Limitations to Establishing a Center of Excellence for PJI
Although many feel that patients with PJI would be better served at one institution or a designated Center of Excellence, there may be some reluctance on the part of surgeons and hospitals to take on the care of these patients. One reason for this reluctance is that there would be a higher risk of reportable new infections in the setting of a complex revision or a previous infection. In an era in which healthcare value and outcomes are more closely scrutinized by private and government payers, reported rates of infection will become more important because they could be associated with reimbursement rates. Complex revision and infection often require longer hospital stays than those associated with primary total joint arthroplasty. Kapadia et al40 compared infected and uninfected total knee arthroplasties and found that patients with PJI had significantly longer hospitalizations (5.3 days versus 3 days), more readmissions (3.6 versus 0.1), and more clinic visits (6.5 versus 1.3). The mean annual cost was also significantly higher in the infected group ($116,383 [range, $44,416 to $269,914]) than in the matched control group ($28,249 [range, $20,454 to 47,957]).
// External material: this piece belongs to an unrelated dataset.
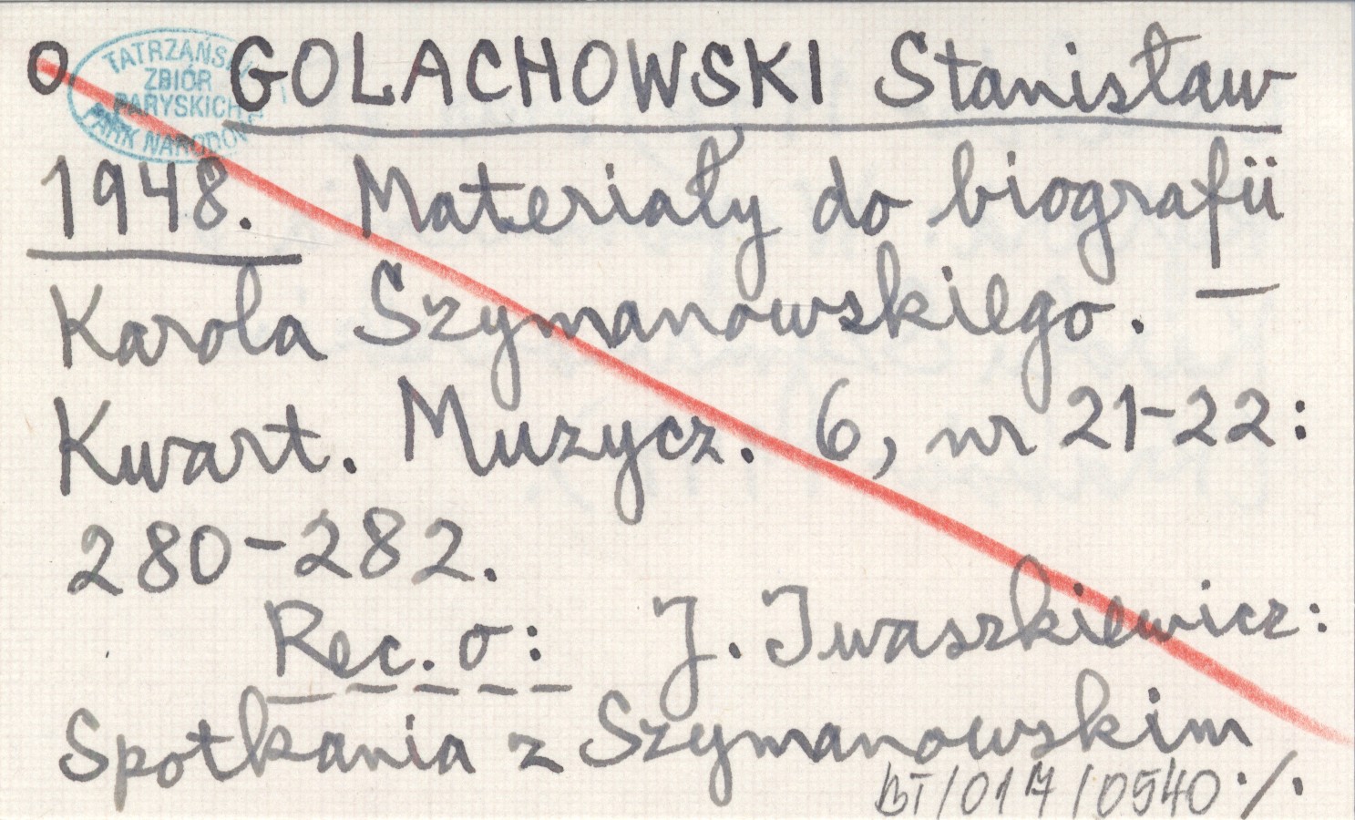 GOLACHOWSKI Stanisław 1948 Materiały do biografii Karola Szymanowskiego.

There is a financial disincentive for hospitals and healthcare systems to take on the additional financial and system burdens associated with PJI. The development of a viable business model to sustain a Center of Excellence that treats orthopaedic infections is challenging. The ideal model would pay for activity or treatment, create incentives to excel at the provider and system level, and ensure access to care for patients in a timely manner. Creation of a tiered insurance product may encourage patients to preferentially seek care at Centers of Excellence and provide a cost benefit to insurance carriers in terms of improved quality and efficiency of care.
Continued evaluation of care pathways and creation of Centers of Excellence that can best prevent and treat PJI are of the utmost importance, especially with the increasing burden of infection and the growing demand for total joint arthroplasty.1 The decreased complications and improvements in care at tertiary centers are likely multifactorial but stem from a centralization of care, with improved communication among teams of specialists and the use of defined care pathways for treating patients. Although not every institution that manages orthopaedic infections can establish a Center of Excellence, the care pathways and models described here provide a framework to help prevent infection and improve the care of patients with these infections.
Evidence-based Medicine: Levels of evidence are described in the table of contents. In this article, references 6, 19, 23, and 24 are level II studies. References 4, 5, 11, 12, 13, 15, 17, 25, 30, 33, 36, and 40 are level III studies. References 2 and 7 are level IV studies. References 26, and 27 are level V expert opinion.
References printed in bold type are those published within the past 5 years.